Memory requests=limits=768Mi. BGSAVE + AOF-rewrite fork can double RSS via COW; auto-aof-rewrite-percentage=200 + auto-aof-rewrite-min-size=128mb tune down rewrite frequency.
Service redis-master (name/DNS unchanged across the HA teardown so no consumer needed editing). Keel opt-out (keel.sh/policy=never, label + annotation) — a prior patch-bump to :8.0.6-alpine rejected the AOF config and crashed it.
Weekly RDB backup to NFS (/srv/nfs/redis-backup/, Sunday 03:00, 28-day retention, Pushgateway metrics).
Auth disabled — NetworkPolicy is the isolation layer. requirepass + creds rollout to all clients remains a planned follow-up.
Downtime model: a single instance means a pod restart (image bump, node drain, OOM) is a few-seconds cluster-wide Redis blip. Explicitly accepted (Viktor, 2026-05-30) as the price of eliminating the HA failure modes below. There is no PDB (a single-replica PDB would only block node drains).

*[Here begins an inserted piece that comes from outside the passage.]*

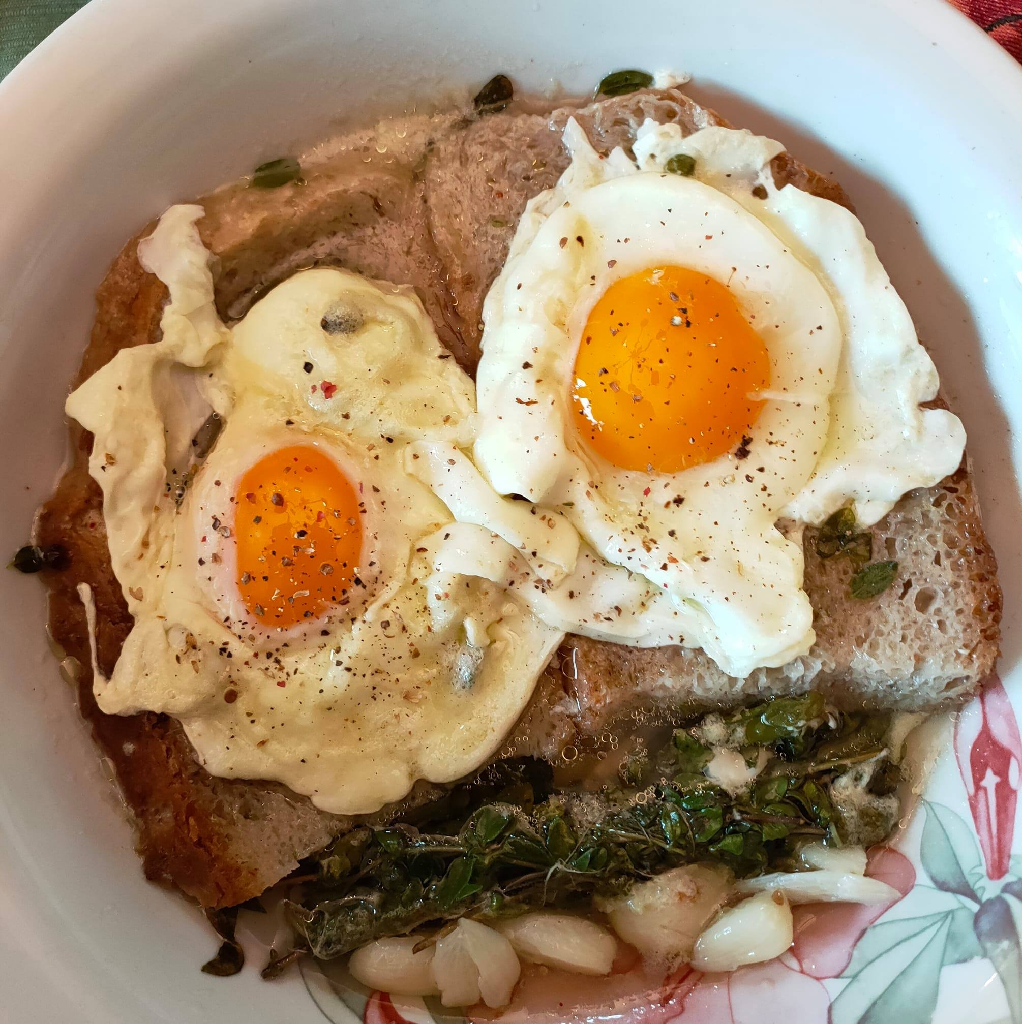 Fate sobbollire tutti gli ingredienti insieme per circa 8 minuti fino a far insaporire per bene l’acqua creando una specie di brodo. Successivamente, mettete a cuocere per circa 2-3 minuti le uova in camicia direttamente nel brodo che avrete ottenuto con l’aglio e le erbe versando un uovo per volta. Nel mentre, affettate il pane raffermo, abbrustolite le fette e su ognuna, se gradite l’aglio strofinatelo, altrimenti condite solo con pepe, sale e olio evo.

Observability: oliver006/redis_exporter:v1.62.0 sidecar on port 9121, auto-scraped. Alerts: RedisDown, RedisMemoryPressure (>80%), RedisEvictions, RedisForkLatencyHigh, RedisAOFRewriteLong, RedisBackupStale, RedisBackupNeverSucceeded. (RedisReplicationLagHigh + RedisReplicasMissing removed with the replicas.)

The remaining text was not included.